The entrance ramp leads to a long corridor, which opens into the burial chamber; in the centre of the chamber a pit was cut for the sarcophagus. Behind the burial chamber is an unfinished rear chamber, while two side chambers open to the east and west of the main chamber. A shallow trench was also cut along the south wall of one of the side chambers.

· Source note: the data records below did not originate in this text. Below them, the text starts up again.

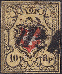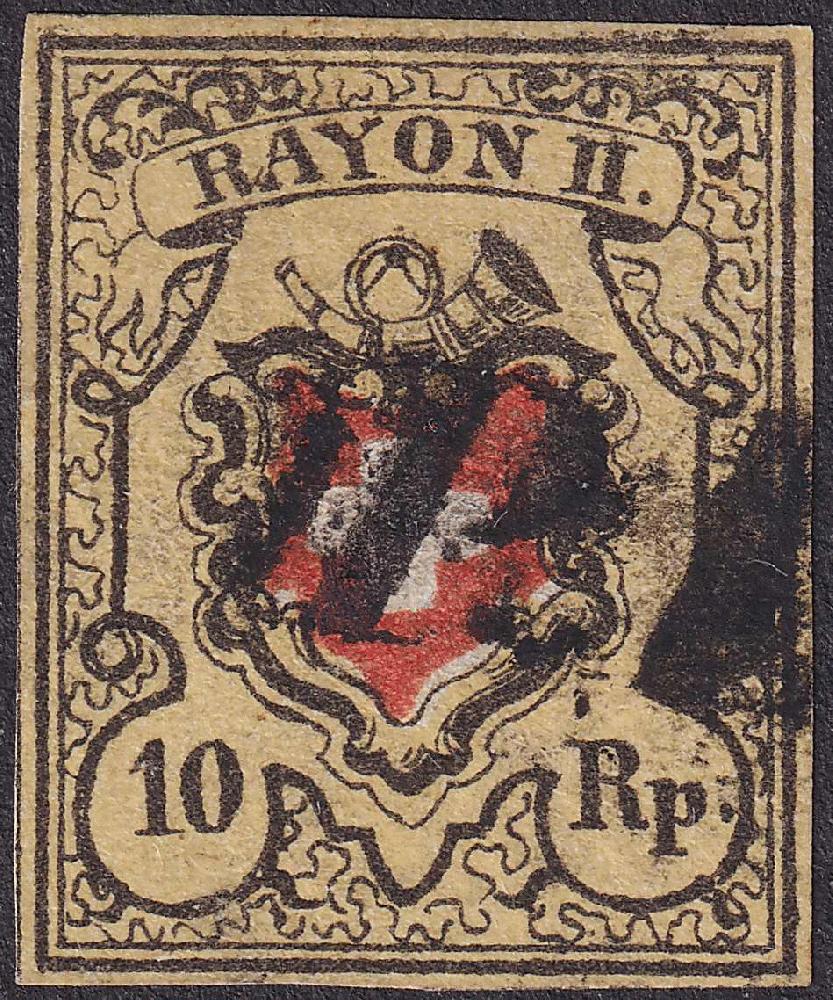 | Zusatzinformationen und Suchstichworte: | Luzernerraute Webshop Los 0000107725 Rayon II, gelb, ohne Kreuzeinfassung (STEIN A 2) T.12 A2-RO, P.D. in schwarz, breitrandige Marke mit leichten Doppel-Druck-Spuren (Schmitzdruck) oben rechts, sehr gute Erhaltung mit Befund Estoppey. Festpreis 280,00 CHF |
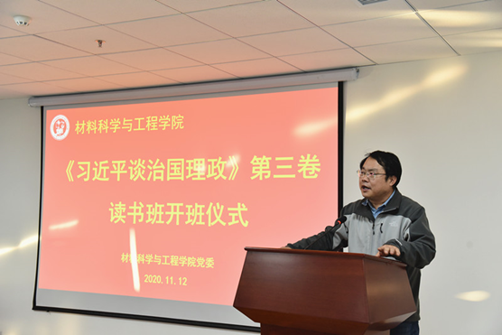 材料学院《习近平谈治国理政》第三卷读书班将在2020年11月至2021年12月期间,采取个人学习与集中学习相结合,学习研讨和红色教育相结合的形式开展活动。旨在深入推进学习贯彻习近平新时代中国特色社会主义思想向纵深发展,学懂弄通做实《习近平谈治国理政》第三卷内容,同时结合贯彻落实习近平总书记关于党史、新中国史、改革开放史、社会主义发展史的学习活动、《习近平总书记教育重要论述讲义》等,进一步提高我院广大师生及党员干部党性修养和理论水平,坚定理想信念,传承红色基因,激发爱国力行,做到真正用党的创新理论来武装头脑、指导实践、推动工作。
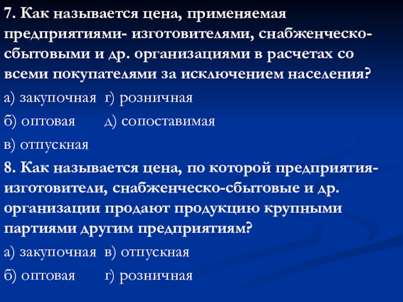 Слайд 287. Как называется цена, применяемая предприятиями- изготовителями, снабженческо-сбытовыми и др. организациями
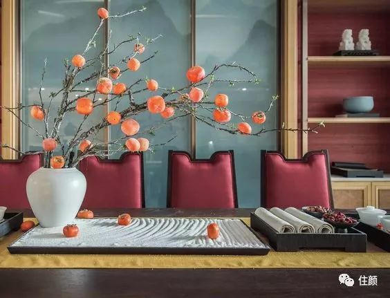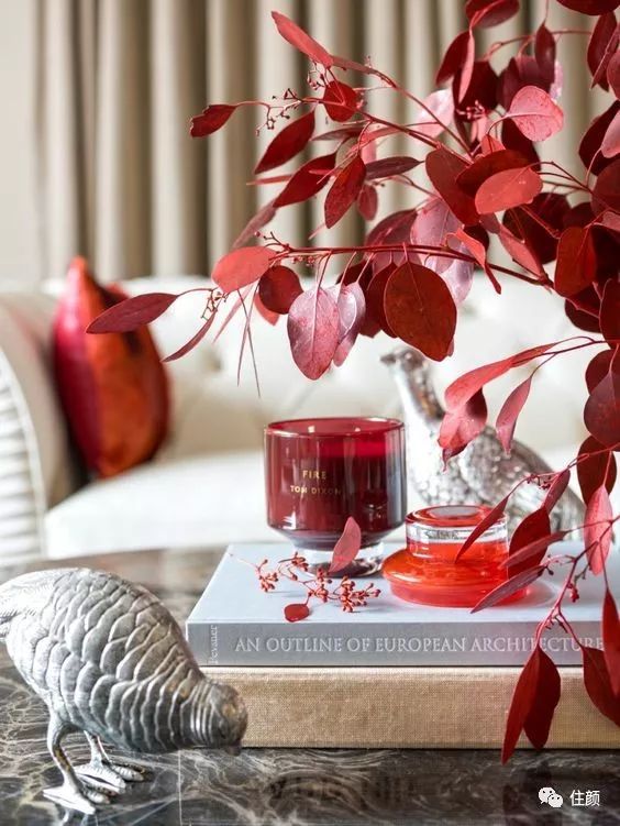 家里常摆植物或是鲜花的颜友们,可以把书房或是茶几上的植物换个颜色,默默地就能渲染一层节日感,没那么浓重却又很点睛,搭配个中式花瓶,不多不少,正适合不喜欢大面积红的家庭。
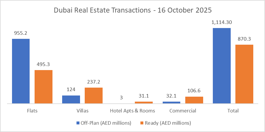 On 16 October 2025, the total transacted value reached AED 1,984.6 million. Off-plan dominated with AED 1,114.3 million (56.1%), while Ready accounted for AED 870.3 million (43.9%).
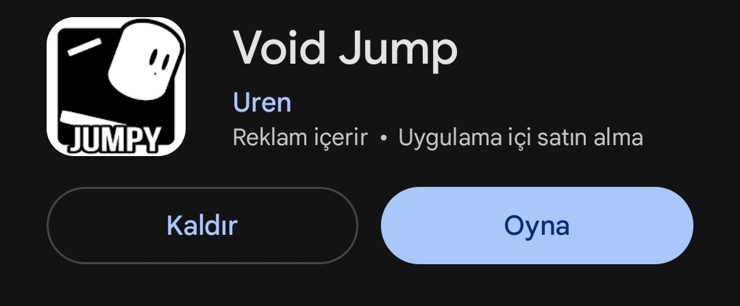 Basitin aksine -zor bir hyper casual- demek istemiyorum ama deneyimleyenler zorluğundan yakınıyor. Olay basit engeller düşüyor bizde bu engelleri platform olarak kullanarak düşmemeye çalışıyoruz, yüksek puan toplayarak dünya sıralamasına girmeyi hedefliyoruz. 4 adet movement butonu var sağ-sol yukarı-aşağı. Olay zaten burda bitiyor -aşağı- tuşunu kimse kullanmıyor. Bu herhangi bir fps oyunda mermi değiştirmemek gibi birşey. Ana konuya gelirsek Void Jump olmasaydı şuan bu gönderiyi atmıyor olurdum.
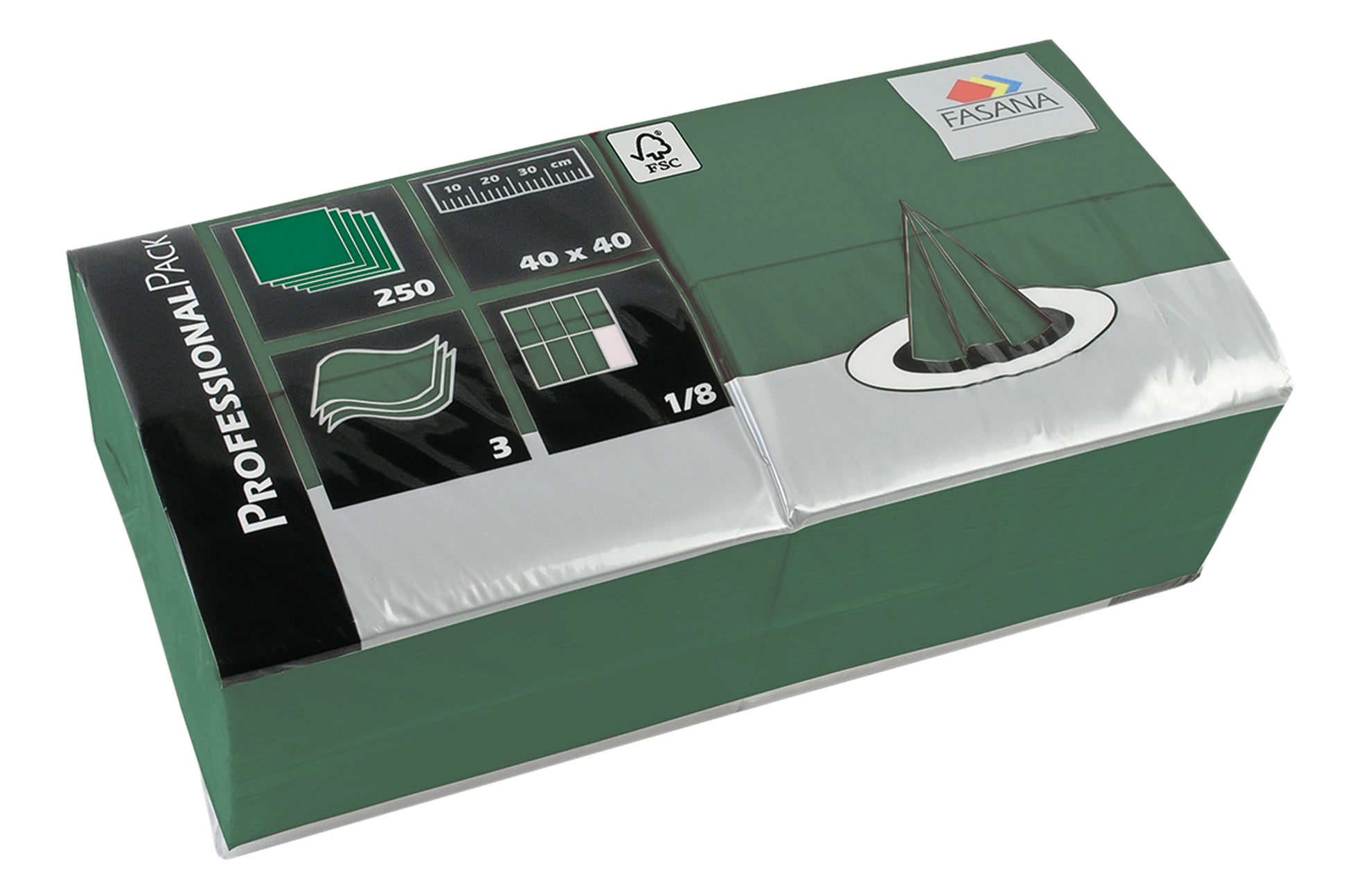 Erstklassige Fasana Servietten uni aus 3-lagiger Zellulose, 40 x 40 cm gross, in 1/8-Falz, verpackt in der praktischen Grosspackung à 250 Stück. Die extra weichen, angenehmen und besonders saugfähigen Servietten sind erhältlich in verschiedenen Farben.
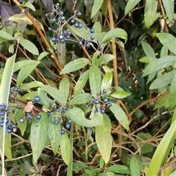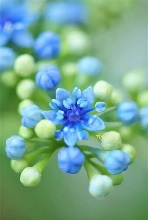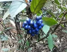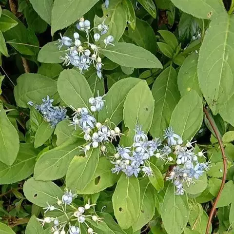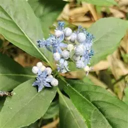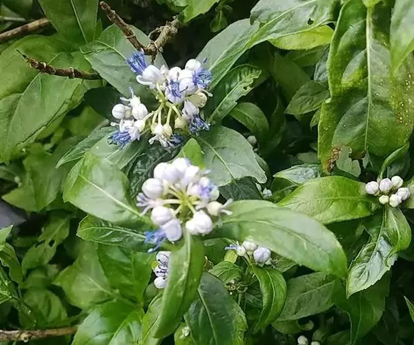 伞房状圆锥花序顶生,有时叶腋有侧生花序,直径3-20厘米,花蓝色或白色;花蕾倒卵形,盛开时直径6-10毫米;花梗长3-5毫米;花萼倒圆锥形,4-6裂;裂片阔三角形,急尖,无毛或被毛;花瓣长圆状椭圆形,稍肉质,花后反折;雄蕊10-20枚,一半与花瓣对生,花丝线形,扁平,初与花瓣合生,后分离,花药椭圆形;花柱4(5-6),棒状,柱头长圆形,子房3/4下位。浆果直径3-7毫米,蓝色,干时黑色;种子长约1毫米,具网纹。花期2-4月,果期5-8月。
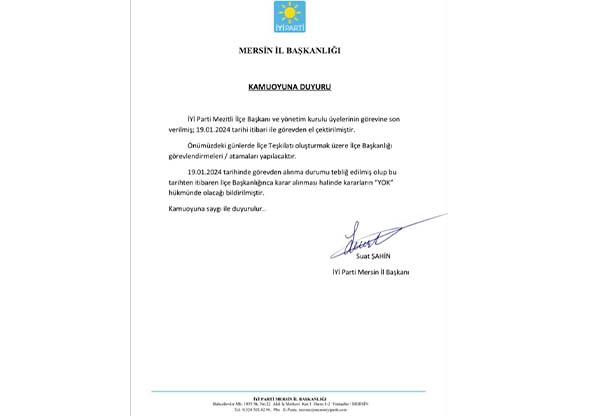İYİ Parti Mersin İl Başkanlığından yapılan açıklamada; Mezitli ilçe Teşkilatının 19.01.2024 tarihi itibari ile görevden el çektirildiği yazılı bir tebligat yapılarak duyuruldu. İYİ parti İlçe Yönetiminin Parti kararlarına uymadıkları ve emirleri dinlemedikleri de açıklandı. Erhan ANTALYALI Başkanlığındaki yönetimin tümü görevden alındı. İlçe Başkanı Ertan ANTALYALI’nın karar defterini parti teşkilatından alarak vermediği, bu konuda yasal yollara başvurulacağı da açıklandı. İYİ parti Mersin İl Başkanlığının ilgili yazısında 19.04.2024 tarihi itibari ile ilçe yönetiminin görevden alındığı, bu tarih ve bundan sonra almış oduğu hiçbir kararın da geçerli olmadığı da açıklandı. Mersin İl Başkanlığının konuyla ilgili yaptığı yazışmalar ilişikte yer almaktadır. Basınımıza ve kamuoyuna saygı ile duyurulur.
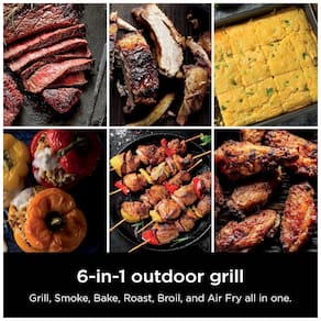 A churrasqueira elétrica Ninja Woodfire OG321 foi desenvolvida para uso em áreas externas, combinando grill, defumador e air fryer em um único equipamento. A tecnologia Woodfire utiliza pellets de madeira em uma caixa de fumaça dedicada para adicionar sabor defumado autêntico aos alimentos, enquanto o aquecimento principal é feito por resistência elétrica.
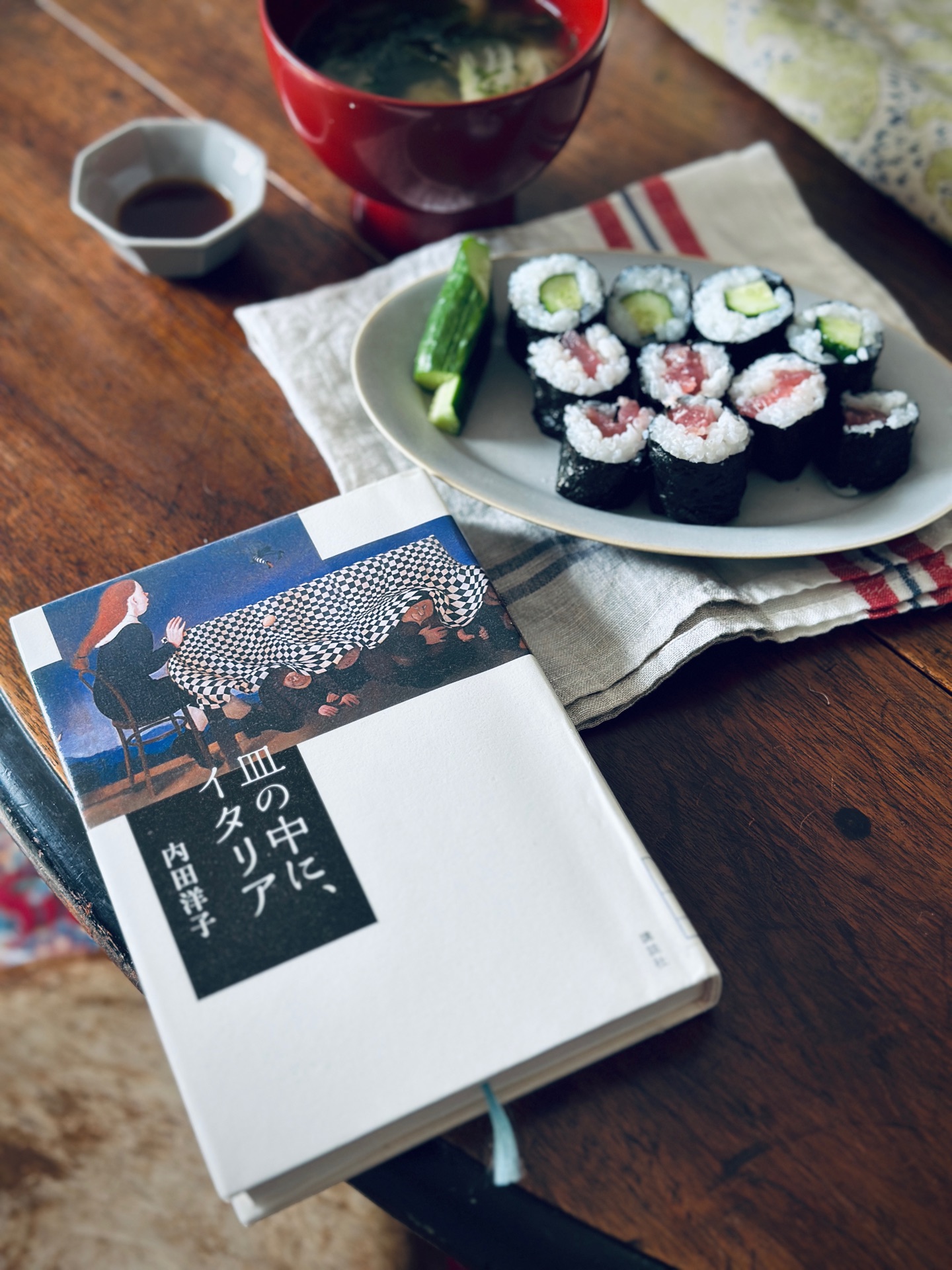 皿の中に、イタリア内田洋子イタリアの食と人を巡るエッセイ。とても良い。が、読み終える前に返却日が来てしまった。延長して借りよっと。 今日のお昼は海苔巻き。香典返しでもらった海苔があったな、と思ったら、旅館で出てくるような小さいサイズだった。つなげて巻いた。

The walls of the corridor were cut straight and flat, showing the good quality of the rock in this part of the tomb; toward the rear, however, the quality of the bedrock deteriorates, and large voids were filled with pottery sherds and plaster.

==== Decoration ====

Fragments of painted relief plaster survive in the tomb, especially in the corridor and burial chamber. The corridor shows the queen before several deities, including Ptah-Sokar, Atum and Osiris. The ceiling of the corridor was left unfinished: only the north-eastern corner had been begun with a preliminary drawing in red. A text of Ramesses VI is placed on the outer jambs of the burial chamber.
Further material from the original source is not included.